But even if I change lock here https://github.com/grobian/carbon-c-relay/blob/master/aggregator.c#L240 to be write-lock (and remove unlock-lock from lines 244-245) it still fails to send any data out (but at least doesn't segfaults).

Civil commented 8 years ago

Also, no new rules were added, the only change that happend to the config - extra servers in upstream section. SIGHUP caused carbon-c-relay (v2.1 + commits to fix sighup) to exit and after that it started to consume twice amount of CPU and started to constantly crashing with SIGSEGV.

Civil commented 8 years ago

I'll try to fix TSAN errors and will make extra PR for them. The current one should fix only the crash itself.

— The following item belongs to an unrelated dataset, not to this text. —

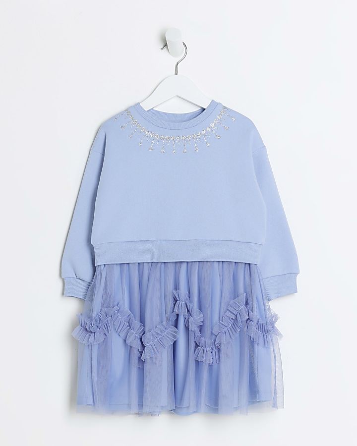 Mini girls blue frill hybrid party dress Very well made.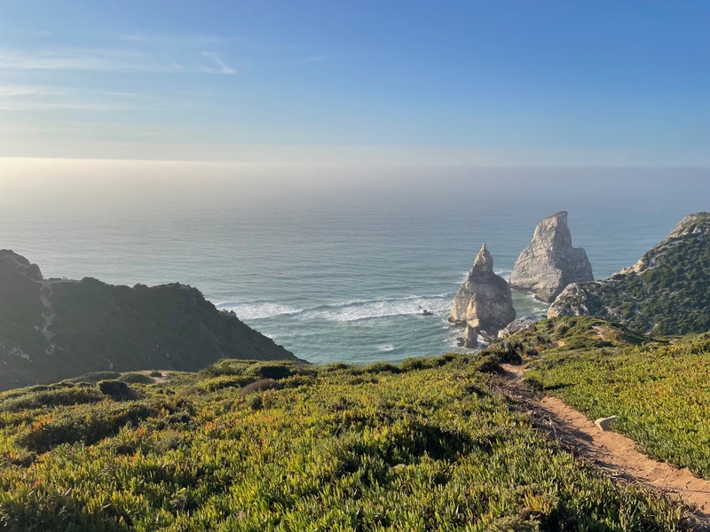 So sah es unmittelbar vor dem Abstieg zum Praia da Ursa aus: Weit hinten auf dem Meer ist das Nebelband zu erkennen.

Civil commented 8 years ago

And also read after free during shutdown:

[2016-07-01 12:00:57] shutting down...
[2016-07-01 12:00:57] closed listeners for port 2003
[2016-07-01 12:00:57] stopped collector
[2016-07-01 12:00:58] stopped aggregator
=================================================================
==20613==AddressSanitizer: while reporting a bug found another one. Ignoring.
==20613==AddressSanitizer: while reporting a bug found another one. Ignoring.
==20613==AddressSanitizer: while reporting a bug found another one. Ignoring.
==20613==AddressSanitizer: while reporting a bug found another one. Ignoring.
==20613==AddressSanitizer: while reporting a bug found another one. Ignoring.
==20613==AddressSanitizer: while reporting a bug found another one. Ignoring.
==20613==AddressSanitizer: while reporting a bug found another one. Ignoring.
==20613==AddressSanitizer: while reporting a bug found another one. Ignoring.
==20613==ERROR: AddressSanitizer: heap-use-after-free on address 0x60600000ebb8 at pc 0x00000053dba3 bp 0x7fb5dbae8f70 sp 0x7fb5dbae8f68
==20613==AddressSanitizer: while reporting a bug found another one. Ignoring.
==20613==AddressSanitizer: while reporting a bug found another one. Ignoring.
==20613==AddressSanitizer: while reporting a bug found another one. Ignoring.
==20613==AddressSanitizer: while reporting a bug found another one. Ignoring.
==20613==AddressSanitizer: while reporting a bug found another one. Ignoring.
==20613==AddressSanitizer: while reporting a bug found another one. Ignoring.
==20613==AddressSanitizer: while reporting a bug found another one. Ignoring.
==20613==AddressSanitizer: while reporting a bug found another one. Ignoring.
==20613==AddressSanitizer: while reporting a bug found another one. Ignoring.
==20613==AddressSanitizer: while reporting a bug found another one. Ignoring.
==20613==AddressSanitizer: while reporting a bug found another one. Ignoring.
READ of size 8 at 0x60600000ebb8 thread T8
    #0 0x53dba2 in aggregator_putmetric /usr/src/carbon-c-relay/aggregator.c:205:13
    #1 0x52bb9e in router_route_intern /usr/src/carbon-c-relay/router.c:2899:7
    #2 0x529b5b in router_route /usr/src/carbon-c-relay/router.c:2980:8
    #3 0x503ed9 in dispatch_connection /usr/src/carbon-c-relay/dispatcher.c:404:25
    #4 0x502b97 in dispatch_runner /usr/src/carbon-c-relay/dispatcher.c:585:13
    #5 0x7fb5e413e493 in start_thread (/lib64/libpthread.so.0+0x7493)
    #6 0x7fb5e3a645dc in clone (/lib64/libc.so.6+0xe95dc)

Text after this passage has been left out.